Que me tranquilice, que mañana llegarán cinco vuelos más.
Consolando mi
somnolencia discurro: ¿Será que al no verme se fue sola…? Pero… si acordamos
vernos aquí… Además, ¡Ella no sabe donde está la casa…! ¿Y si vino mi tía…? Sí…!
ella debió venir. ¡Sí…! Seguro que ella vino. Sí…! mamá debe estar ya en casa…
Impaciente y con
deseos de orinar, dejo el aeropuerto, tomo un taxi y al llegar a casa aumenta
mi desazón. En ella..., no hay nadie, no puedo creer que todos hayan salido,
sabían que yo vendría con mamá. Pero… ¿Dónde fueron? ¿Dónde fue mi tía? ¿Y mi padrino?

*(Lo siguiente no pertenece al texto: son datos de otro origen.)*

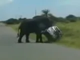 Elefante attacca un SUV nel parco e lo ribalta [Video]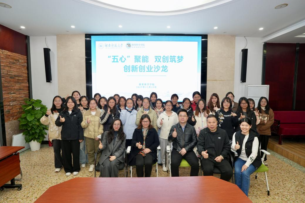 (通讯员 陈颖 刘梦娟)12月10日晚上,教育科学学院“‘五心’聚能 双创筑梦”创新创业沙龙于院七楼会议室举办,湖南师范大学创业导师代表湖南蓝宇心理健康管理咨询有限公司总经理毛湘玲、金职伟业集团有限公司总经理潘建明、新东方长沙学校校长兼湖南新东方文旅总经理王晓峰、新东方长沙学校创新业务部兼市场营销部总监张文妃受邀出席,张文妃担任主理人。

¿Y mi prima? ¿Dónde están todos? La vecina, después de apagar mi sed con un
refresco, me dice:—Hace
horas vi llegar un taxi y... sin querer escuché algo... sobre un atroz
accidente.
¡Algo le sucedió
a mi madre…! Pienso. Entro en casa, pido un taxi por teléfono y sin alcanzar el
sanitario, mojo mis pantalones. Mientras mudo mi ropa, llamo a Tenerife… Solo
responde la maldita máquina, agarro otra chaqueta, meto en la mochila chocolates,
gaseosas y, al llegar el taxi, me dirijo al hospital central.
En las listas de
emergencia no aparecen ni mi madre ni mi tía. Opinan que pregunte en admisión; pero
ahí tampoco están registradas. Agobiada por la adversidad, vuelvo a emergencia
y procurándome un respiro me siento a descansar mientras releo mis apuntes y devoro más
chocolates.
Convencida de
que todo coincide y sin saber qué hacer, empiezo a sudar y paralizada por las
dudas a vacilar. ¿Estará en el Aeropuerto?...; ¿debo esperarla en casa?...;
¿voy a la Policía ?
¿voy al internado?...; ¿voy a la
Iglesia ?...; ¿a qué hospital iría mi tía?...; ¿qué hago
Madre?...; ¿qué hago? Derrotada por la angustia, empiezo a temblar y casi al
filo del llanto intento elevar una plegaria al dulce Jesús, pero… una
estridente voz que proviene de atrás de la cortina…, me distrae…
—Soy el
doctor de turno señora, disculpe la tardanza. Y... ¡dígame! ¿Qué fue
exactamente lo que pasó?
Precipitada me
levanto y aproximándome a la cortina… escucho:
—Le cuento doctor…, apenas
ayer conocí a la señora, llegamos en el primer vuelo, ella me invitó a su casa,
pues yo mañana continúo mi viaje a la provincia. Nos sentamos a esperar a su
familia que nunca llegó. La señora se encontraba intranquila y muy sedienta. Acudía
a menudo al sanitario, yo la acompañaba procurando siempre tranquilizarla, pero
tenía tal desesperación por ver a su hija, que de un momento a otro irrumpió en
delirios, ¡imagínese doctor! quería ir a cobijar, con mi sobretodo, a una
gordita que se quedó dormida en un rincón… Entonces, al yo impedirla,
forcejeamos…, ella se trastornó, de tal manera, que empezó a convulsionar hasta
que cayó; le llevamos a una oficina, llegaron los paramédicos y… en una
ambulancia nos trajeron…
Rendida por la incertidumbre…, deslizo la cortina, entro al cubículo y
escéptica observo que, enredada entre aparatos, tuberías y sueros, se encuentra
una voluminosa señora.
—¿Cómo
se llama la paciente…? Pregunto.
La enfermera
baja la mirada y en el registro lee su nombre… ¡Qué alivio…! Su lectura, por lo
menos me tranquiliza, sin embargo, presagiando lo peor, me acerco un poco más a
la obesa señora y… con delicadeza retiro su cabello hasta poder observar con detalle,
su oreja izquierda… No hay duda... es ella.
Quiero gritar...
Intento por lo menos hablar... pero, no puedo... Procuro erguirme, pero… no lo consigo...
millones de diminutas luces me doblegan...
...lentamente me derrumbo sobre su cuerpo inerte.
Mientras… en alguna tele cercana, un coro de niños, desentona...
El ¡Dulce Jesús mío!
(32) La muerte
es segura, pero la hora incierta.
(33) Bogifobia:
pánico a los duendes.
(34) Contundentes hechizos prohibidos de traducir.